Siberian Bishop Demands Censorship of Erotic Picassos for the Good of the Children
A man studies Picasso's provocative "The Embrace III" at the Museo Picasso in Barcelona
(AFP/Getty Images)

Picasso once ruffled a lot of aesthetic feathers by using Cubism to break up the traditional picture plane into a mess of fractured pieces, rearranging facial features, and painting people who didn’t look like people. The shock value the work once had, though, has largely faded — unless you are a member of the Russian Orthodox Church and you literally live in Siberia. In the city of Novosibirsk, Orthodox bishop Tikhon has called for the closure of a show of the artist's “Suite 347” series of erotic etchings, calling them a threat to public morals.

Tikhon took offense to the prints' graphic sexual nature, noting that there were an inappropriate number of children at the exhibition and grandiosely claiming that, "This exhibition has been forbidden around the entire world, even in Moscow it couldn't be shown." The latter statement doesn’t appear to be true: Picasso’s suite is also on view at public museums including the Pablo Picasso Museum in Barcelona, the National Library of France, and the Ludwig Museum in Cologne, as well as previously in the Siberian city of Krasnoyarsk, according to the Voice of Russia. Tikhon followed up his complaints by questioning whether the works were erotic at all. “[The exhibition] is called ‘Temptation,’ but I don’t know who would be tempted,” he quipped. 

Artgit, the company that organized the exhibition, has responded to the bishop's salvo: “His grace could have been deluded and misunderstood” about the show, the organziation wrote in a statement cited by the Moscow Times. “We hope that what happened will be sorted out and forgotten." The prints, so far, are still hanging.

The Russian Orthodox Church has come under fire lately for its social conservatism and political hypocrisy.
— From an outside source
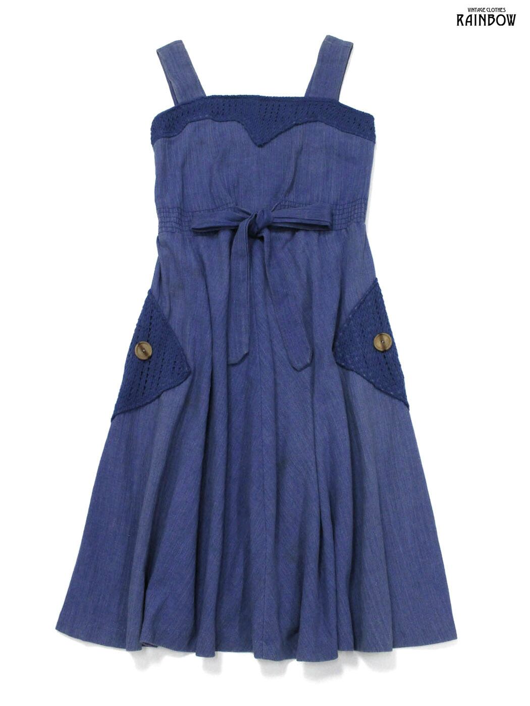 #ワンピース #キャミソール #ロング丈 #紺 #無地 #リボン #コットン #キャミソール無地ワンピース

In an op-ed for the Moscow Times, Russian journalist Victor Davidoff pointed out Orthodox Church Patriarch Kirill’s recent scandal of publicly calling for asceticism while wearing a $30,000 Bregeut watch. Davidoff also notes that it recently came to light that in a meeting with a group of young people, Deacon Andrei Kurayev suggested that they “disrupt an upcoming Madonna concert by calling the police and reporting a bomb in the concert hall” as a form of protest against the musician.